2. Nous pourrions même payer avec un jour
L’objectif ultime du yuan numérique est de devenir une monnaie et une technologie mondiales. « La banque centrale chinoise travaille en comité avec plusieurs projets de CBDC développés par la Thaïlande et les Émirats arabes unis. Ceci afin de réduire considérablement le coût des paiements transfrontaliers de la CBDC », déclare Robert Greene, du groupe de réflexion Carnegie Endowment for International Peace.
Si le yuan numérique va aussi loin, il n’est pas totalement inconcevable que cette monnaie se retrouve un jour dans notre système de paiement. Ou du moins dans les portefeuilles de diverses entreprises.
3. Les banques centrales travaillent sur une plateforme mondiale de paiement numérique
Les CBDC sont souvent considérées comme une réponse de la banque centrale aux monnaies dites stables ; des cryptomonnaies qui sont liées au taux de change des monnaies fiduciaires. Dans le cas de la Chine, la réaction a été hautement toxique. Le commerce des cryptomonnaies et leur minage (création de pièces en validant des transactions) sont totalement interdits depuis septembre.
Plusieurs experts suggèrent maintenant que la Chine pourrait développer une sorte de système de paiement mondial, sur lequel les banques centrales auraient un contrôle total.

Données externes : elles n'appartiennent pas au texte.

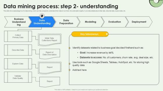 This slide showcases stage two for data mining which can help companies understand their data to turn them into actionable insights. It provides details about initial data, describe data, explore data, etc. From laying roadmaps to briefing everything in detail, our templates are perfect for you. You can set the stage with your presentation slides. All you have to do is download these easy-to-edit and customizable templates. Data Mining Process Step 2 Understanding Data Warehousing And Data Mining Guide AI SS V will help you deliver an outstanding performance that everyone would remember and praise you for. Do download this presentation today. This slide showcases stage two for data mining which can help companies understand their data to turn them into actionable insights. It provides details about initial data, describe data, explore data, etc.
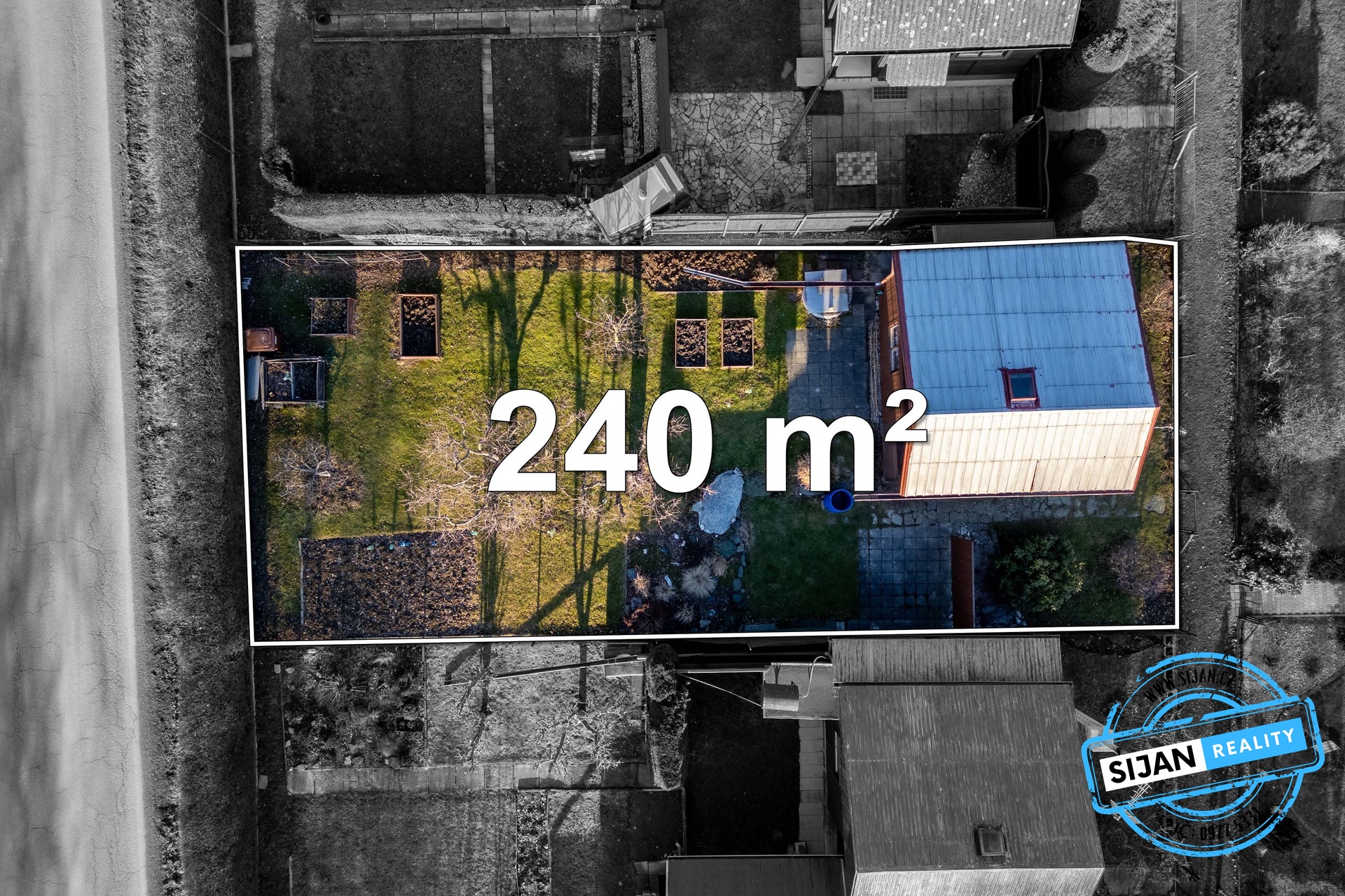 K chatě náleží 2 pozemky o celkové rozloze 240 m². Dále podíl na společném pozemku, který je využíván pro parkování.

« Le déploiement de l’e-CNY pourrait conduire à une nouvelle infrastructure de paiement qui porterait atteinte aux intérêts américains », affirme M. Greene. Mais cela ne sera le cas que si la Chine parvient à rendre son système compatible avec suffisamment d’autres pays.

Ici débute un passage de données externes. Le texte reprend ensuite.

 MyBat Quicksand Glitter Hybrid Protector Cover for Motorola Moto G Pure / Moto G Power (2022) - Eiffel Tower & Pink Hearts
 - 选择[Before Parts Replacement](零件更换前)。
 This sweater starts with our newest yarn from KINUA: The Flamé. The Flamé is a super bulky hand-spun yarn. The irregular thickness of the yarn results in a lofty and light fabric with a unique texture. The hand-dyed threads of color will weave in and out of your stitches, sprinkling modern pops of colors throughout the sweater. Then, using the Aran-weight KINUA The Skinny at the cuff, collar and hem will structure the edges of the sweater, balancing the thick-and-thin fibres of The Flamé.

« C’est probablement ce que certains gouvernements auraient fait de toute façon. Mais sous l’influence de la Chine, certains acteurs pourraient agir plus rapidement », pense Emily Parker, directrice de CoinDesk.
4. Le dollar américain peut perdre son statut de monnaie de réserve dominante et d’artère financière
Les experts estiment toutefois que cela ne se fera pas rapidement et qu’il faudrait des innovations particulièrement révolutionnaires de la part de la Chine. « Pékin veut étendre l’utilisation du yuan à l’étranger pour redessiner lentement l’infrastructure financière internationale. Celle-ci est actuellement orientée vers le leadership économique des États-Unis« , estime M. Liao.

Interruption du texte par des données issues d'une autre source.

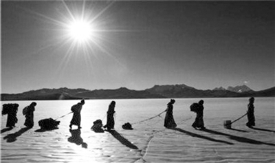 每年高原最冷的时刻,有“仙女眼泪”之称的普莫雍错封冻成冰湖,西藏山南市浪卡子县堆瓦村牧人迎来最佳的羊群转场时机。 今年的转场定在2月9日,时间是按照藏历推算过的,之前也对冰湖进行了实地勘查。前一晚,牧民把羊群赶到湖畔的羊圈里。当启明星从雪山顶上升起,堆瓦村全村的羊已聚集到湖边——牧人要赶在太阳爬上房顶前,趁湖冰还算结实,把羊群引到湖心小岛,靠那里的牧草度过春回大地前“青黄不接”的日子。 此时,村里的妇女们忙着为羊群画出一道冰面上的“羊肠小道”。她们在普莫雍错冰面撒上牛粪炉灰,防止羊蹄打滑,这条连接湖岸和湖心岛总长3公里左右的灰色小道,成为羊群的安全通道。 8点一刻,浩浩荡荡的羊群启程踏上冰面。承受如此大的重量,羊群经过的冰面不时发出“吱吱”的响声,一些冰面出现了裂缝。牧人们神经紧绷起来。羊群变得躁动和缓慢,有些羊不敢往前走,需要牧人从后慢慢推,不时有小羊滑倒在冰面上,牧人索性抱上一段路。 路程过半的时候,太阳开始升起,普莫雍错四周的雪山泛起金色的光芒,宛如仙境。可对于转场的队伍,升起的太阳犹如警钟,必须加快步伐。 牧人赶着羊群、太阳赶着牧人,抓紧“可见光线”和“冰面承受力”双保险的短短两个小时,承袭着祖辈相传的方式前行。 这是一场充满了危险,也充满着希望的转场之旅。 太阳渐渐升高,羊群的影子变得短小。当最后一只羊踏上小岛,牧人们悬着的心才彻底放松下来。 “一般我们要在这里度过一个月左右,在冰面解冻之前返回陆地。”牧人贡桑次仁说。 西藏浪卡子县堆瓦村坐落于西藏山南市浪卡子县蒙达岗日雪山脚下,海拔约5070米,全村43户159人,都是牧民,共有3000多只羊。 由于海拔高,夏季时间短,陆地上的草场无法满足牛羊过冬的饲料。村民选择在每年的隆冬时节,让羊群冒着危险到普莫雍错湖心岛上过冬,度过产仔期。 这种转场牧业方式,在这片离天最近的地方已延续了上千年。 (摘自《新华每日电讯》) 1.村民们去湖心岛上给放羊者送生活用品(2月9日摄)。 2.转场前一天,牧人在湖边清点羊群(2月8日摄)。 3.羊群在牧羊人的带领下走上普莫雍错冰面,沿着牛粪炉灰小道走向湖心岛(2月9日摄)。 |

« Le mot clé ici est « lentement », souligne Martin Chorzempa, chercheur au Peterson Institute for International Economics, « la Chine devra développer un énorme écosystème autour du yuan numérique pour des marchés de devises liquides. » Selon l’expert, cela nécessiterait d’abord de nombreuses querelles politiques.
5. Les États-Unis et l’Europe sont à la traîne
Pendant ce temps, la Réserve fédérale veut explorer discrètement la possibilité d’un dollar numérique. Le président de la Fed, Jerome Powell, a déclaré en septembre que les autorités n’avaient pas encore décidé de l’émission d’une CBDC. « Il est plus important de faire les choses correctement que de les faire rapidement », a déclaré Powell à ce sujet.
La Banque centrale européenne (BCE) a donné son feu vert en juillet à la phase de conception d’un euro numérique. En d’autres termes, on est encore loin d’un projet pilote de monnaie numérique européenne de banque centrale. Et c’est ce que fait actuellement Pékin.